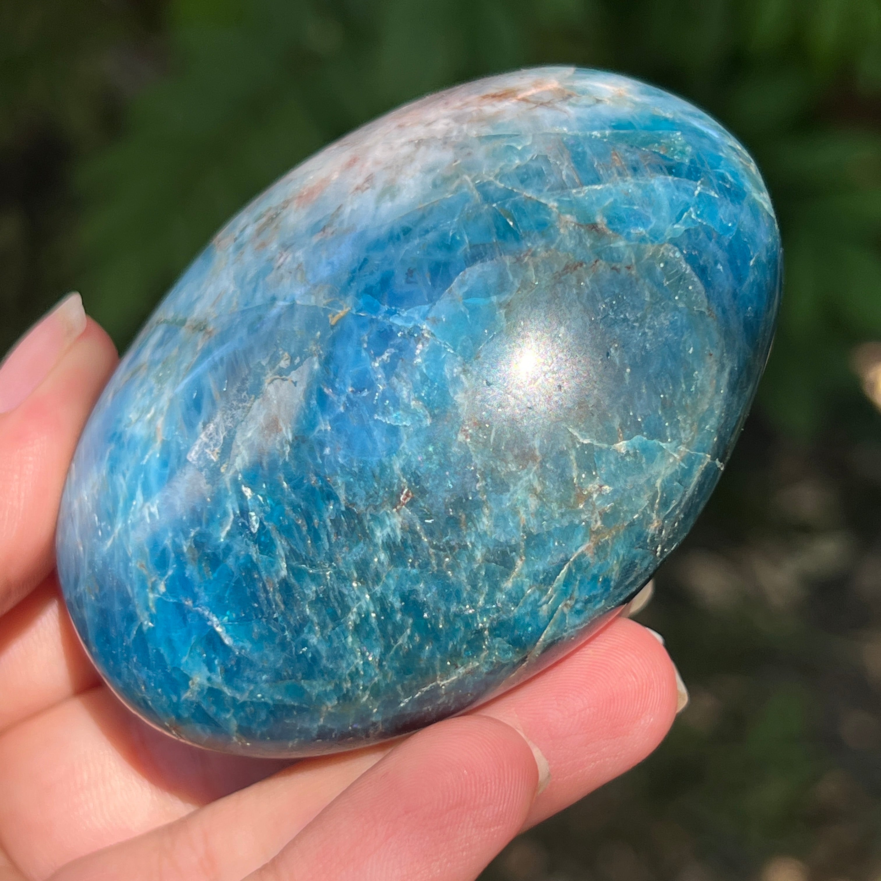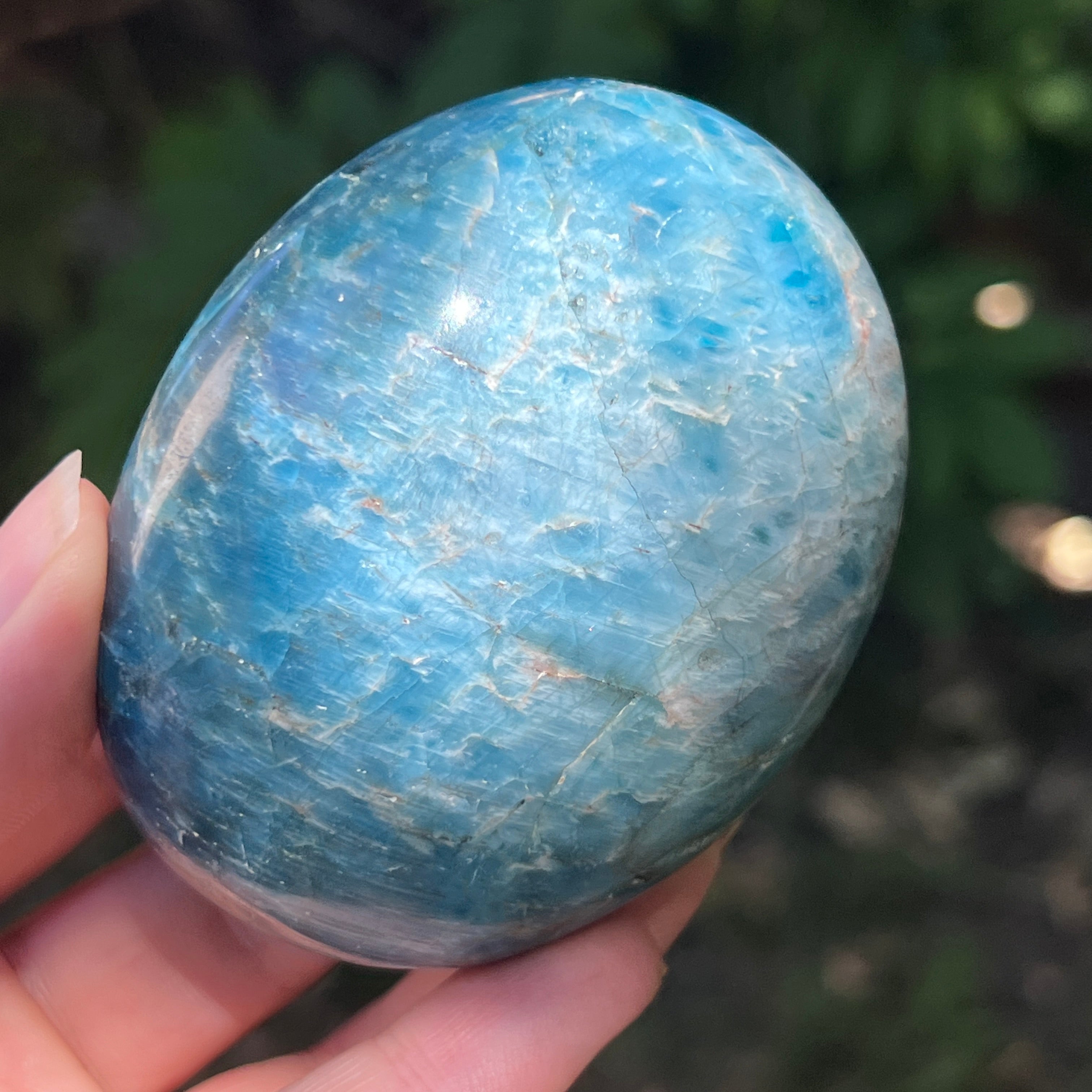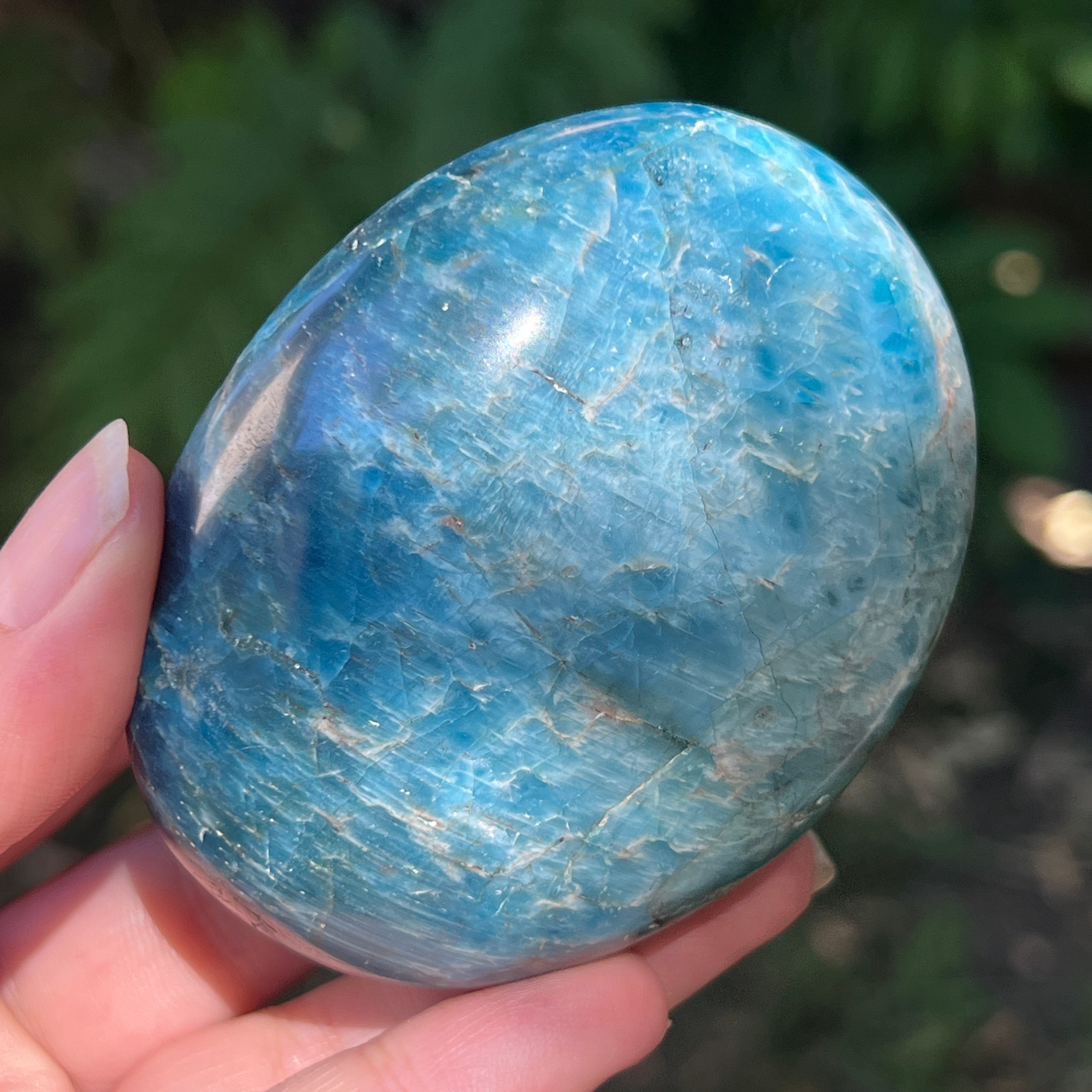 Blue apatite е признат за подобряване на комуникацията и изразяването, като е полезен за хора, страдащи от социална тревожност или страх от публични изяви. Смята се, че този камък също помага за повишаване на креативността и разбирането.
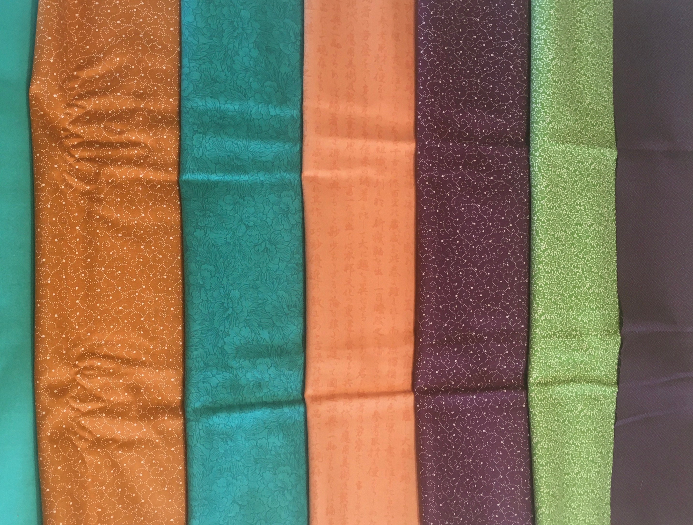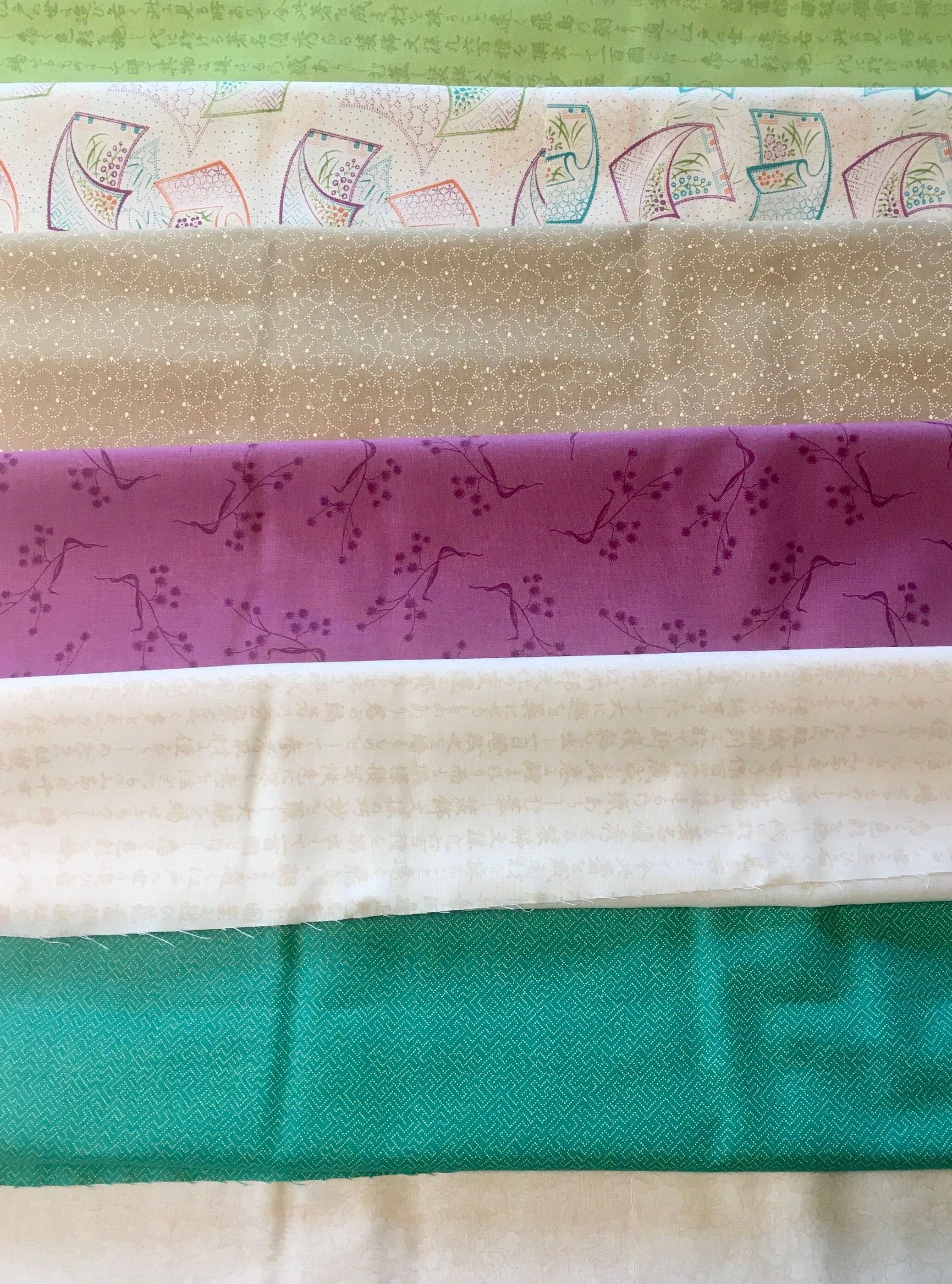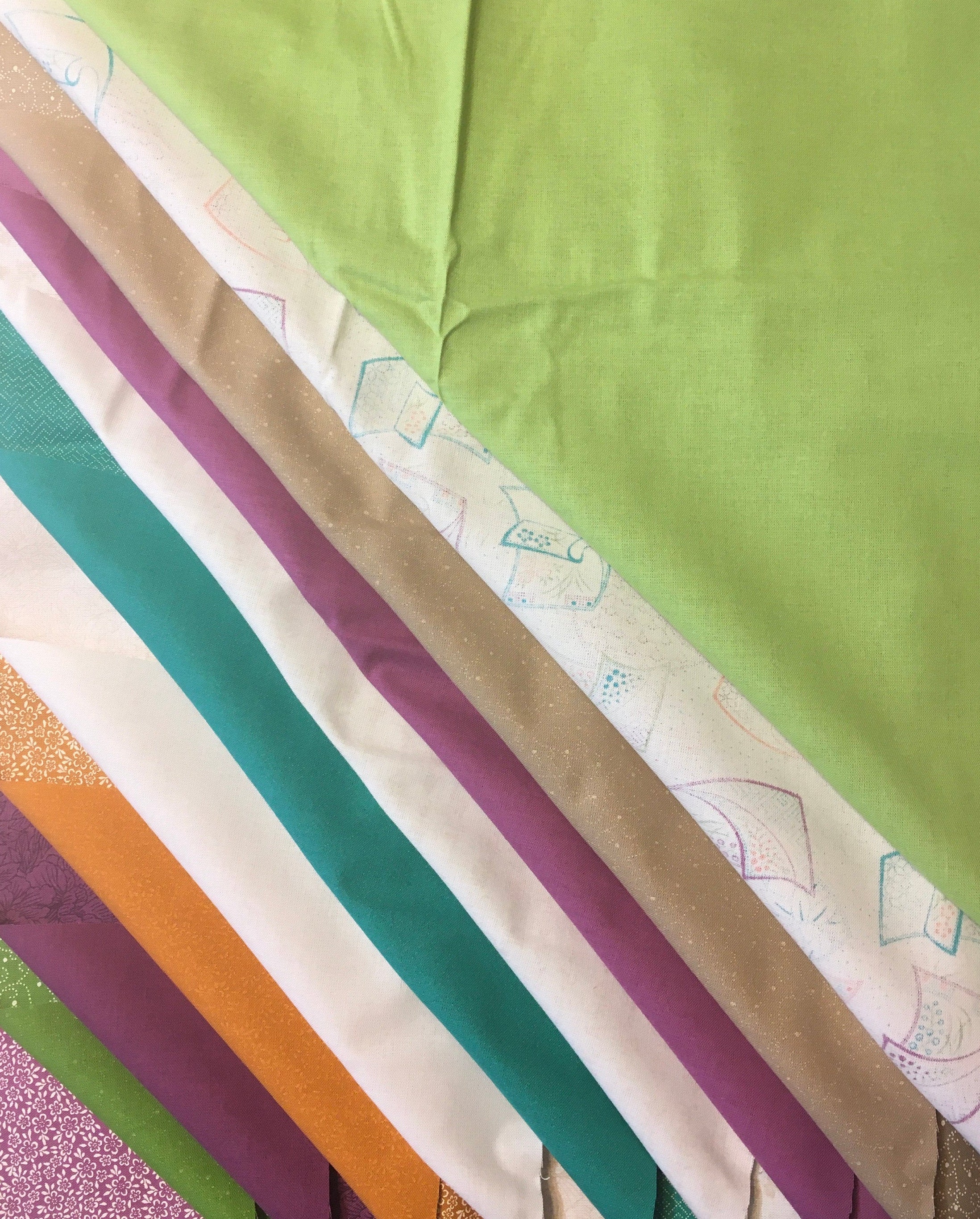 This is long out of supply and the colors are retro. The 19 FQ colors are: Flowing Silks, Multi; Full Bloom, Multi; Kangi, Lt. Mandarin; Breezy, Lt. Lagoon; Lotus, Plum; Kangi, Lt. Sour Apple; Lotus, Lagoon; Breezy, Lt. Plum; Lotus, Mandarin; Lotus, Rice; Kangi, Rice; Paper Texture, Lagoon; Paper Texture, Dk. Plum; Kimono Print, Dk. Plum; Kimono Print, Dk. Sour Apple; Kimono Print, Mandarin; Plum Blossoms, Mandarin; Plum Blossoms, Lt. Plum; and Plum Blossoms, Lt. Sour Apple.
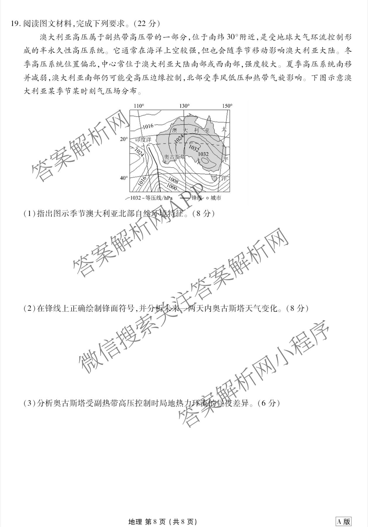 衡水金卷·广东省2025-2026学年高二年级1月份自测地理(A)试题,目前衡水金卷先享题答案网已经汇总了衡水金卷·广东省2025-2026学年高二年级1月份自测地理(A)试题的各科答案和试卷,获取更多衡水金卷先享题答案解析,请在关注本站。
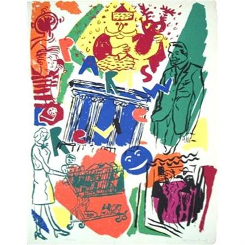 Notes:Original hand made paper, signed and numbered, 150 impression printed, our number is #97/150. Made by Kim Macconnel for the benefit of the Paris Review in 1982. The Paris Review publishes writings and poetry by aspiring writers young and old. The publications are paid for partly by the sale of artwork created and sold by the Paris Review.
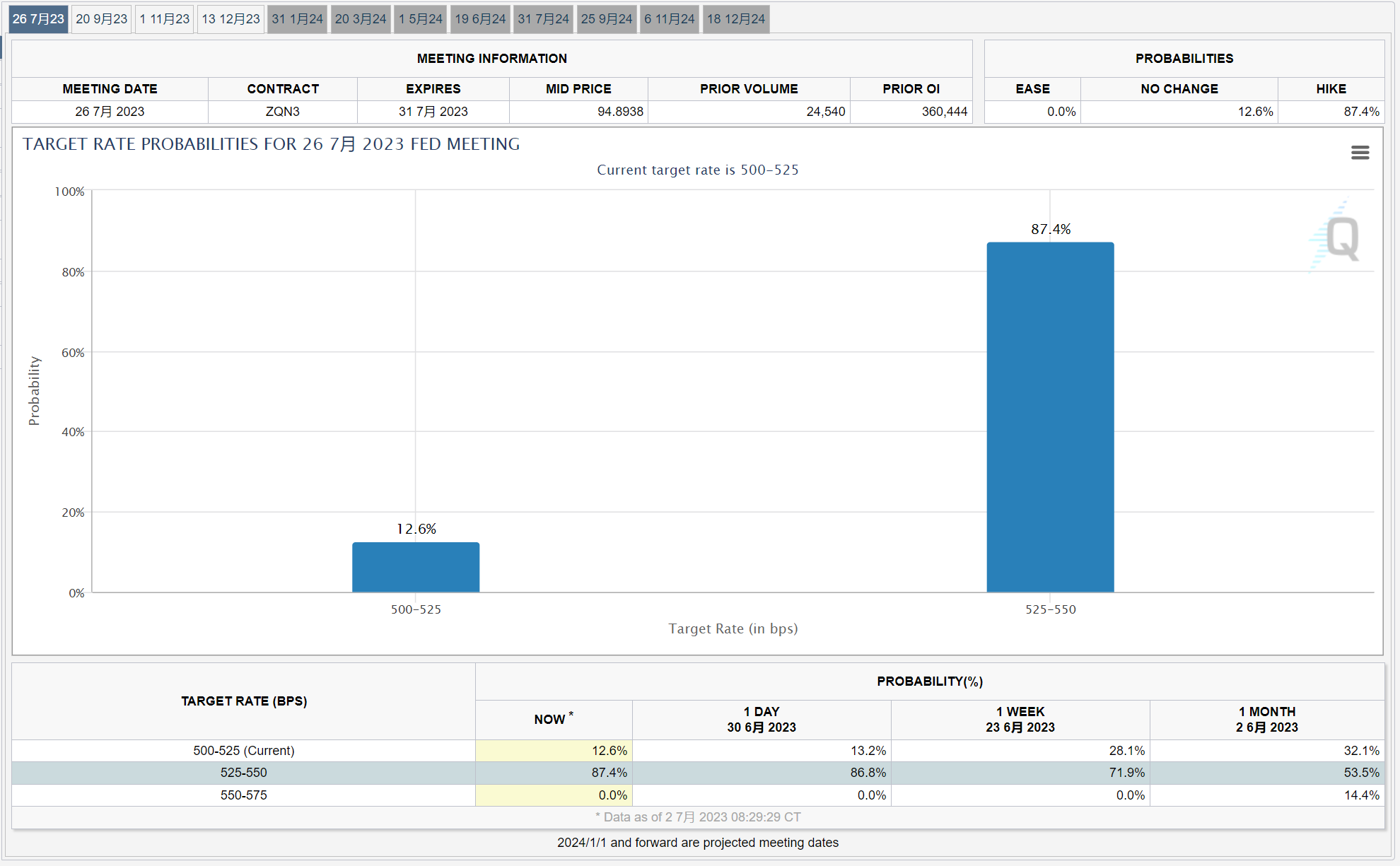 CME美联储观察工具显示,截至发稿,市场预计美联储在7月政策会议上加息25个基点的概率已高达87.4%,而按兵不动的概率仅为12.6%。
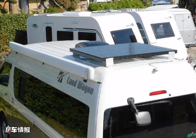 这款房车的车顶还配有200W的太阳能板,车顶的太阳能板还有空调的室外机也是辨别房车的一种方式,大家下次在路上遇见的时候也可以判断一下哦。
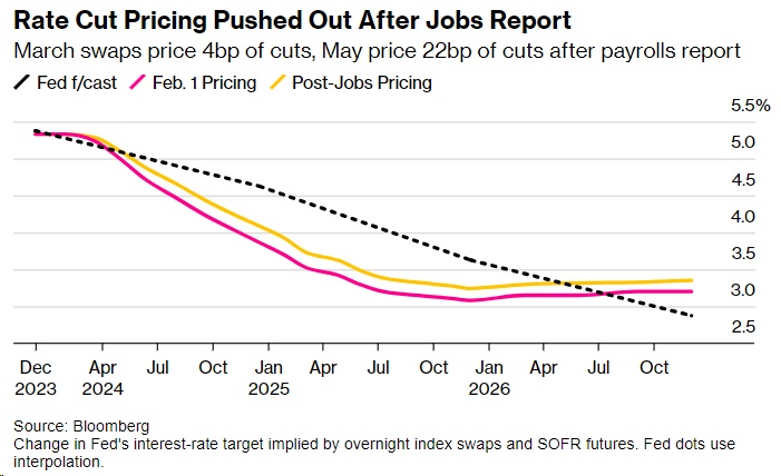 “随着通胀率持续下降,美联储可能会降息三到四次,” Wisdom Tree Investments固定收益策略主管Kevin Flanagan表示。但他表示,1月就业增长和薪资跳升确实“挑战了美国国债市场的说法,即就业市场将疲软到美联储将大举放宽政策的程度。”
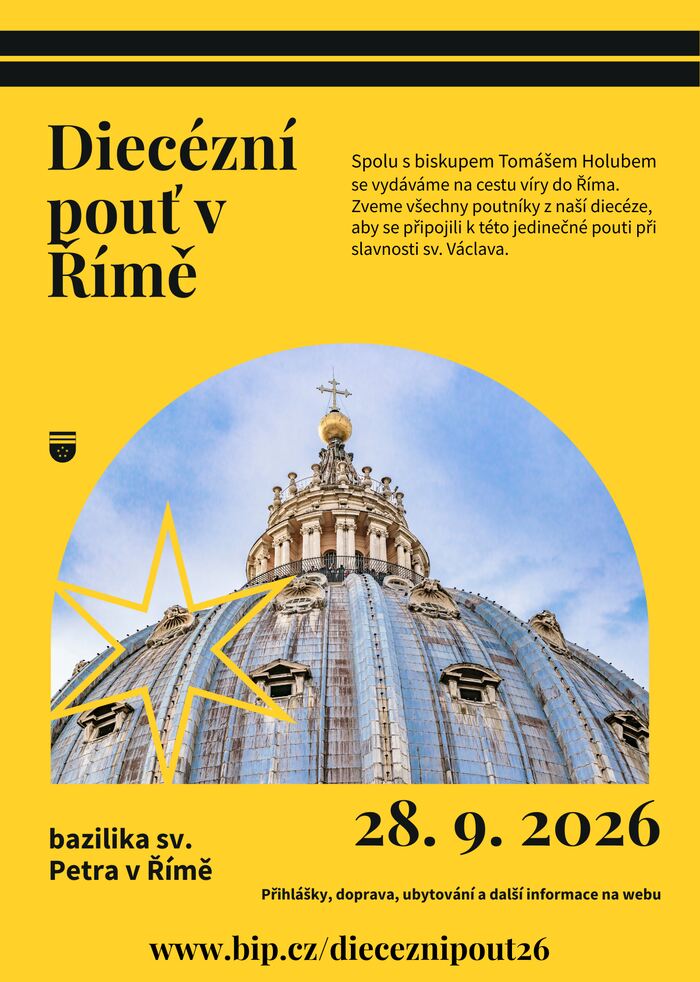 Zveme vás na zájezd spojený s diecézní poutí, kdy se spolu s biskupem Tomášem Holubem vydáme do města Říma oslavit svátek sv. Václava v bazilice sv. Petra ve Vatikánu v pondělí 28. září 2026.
.....
[Activity]
Line by line, write out the material above exactly, with no images.

[Answer to this task]
 Blue apatite е признат за подобряване на комуникацията и изразяването, като е полезен за хора, страдащи от социална тревожност или страх от публични изяви. Смята се, че този камък също помага за повишаване на креативността и разбирането.
 This is long out of supply and the colors are retro. The 19 FQ colors are: Flowing Silks, Multi; Full Bloom, Multi; Kangi, Lt. Mandarin; Breezy, Lt. Lagoon; Lotus, Plum; Kangi, Lt. Sour Apple; Lotus, Lagoon; Breezy, Lt. Plum; Lotus, Mandarin; Lotus, Rice; Kangi, Rice; Paper Texture, Lagoon; Paper Texture, Dk. Plum; Kimono Print, Dk. Plum; Kimono Print, Dk. Sour Apple; Kimono Print, Mandarin; Plum Blossoms, Mandarin; Plum Blossoms, Lt. Plum; and Plum Blossoms, Lt. Sour Apple.
 衡水金卷·广东省2025-2026学年高二年级1月份自测地理(A)试题,目前衡水金卷先享题答案网已经汇总了衡水金卷·广东省2025-2026学年高二年级1月份自测地理(A)试题的各科答案和试卷,获取更多衡水金卷先享题答案解析,请在关注本站。
 Notes:Original hand made paper, signed and numbered, 150 impression printed, our number is #97/150. Made by Kim Macconnel for the benefit of the Paris Review in 1982. The Paris Review publishes writings and poetry by aspiring writers young and old. The publications are paid for partly by the sale of artwork created and sold by the Paris Review.
 CME美联储观察工具显示,截至发稿,市场预计美联储在7月政策会议上加息25个基点的概率已高达87.4%,而按兵不动的概率仅为12.6%。
 这款房车的车顶还配有200W的太阳能板,车顶的太阳能板还有空调的室外机也是辨别房车的一种方式,大家下次在路上遇见的时候也可以判断一下哦。
 “随着通胀率持续下降,美联储可能会降息三到四次,” Wisdom Tree Investments固定收益策略主管Kevin Flanagan表示。但他表示,1月就业增长和薪资跳升确实“挑战了美国国债市场的说法,即就业市场将疲软到美联储将大举放宽政策的程度。”
 Zveme vás na zájezd spojený s diecézní poutí, kdy se spolu s biskupem Tomášem Holubem vydáme do města Říma oslavit svátek sv. Václava v bazilice sv. Petra ve Vatikánu v pondělí 28. září 2026.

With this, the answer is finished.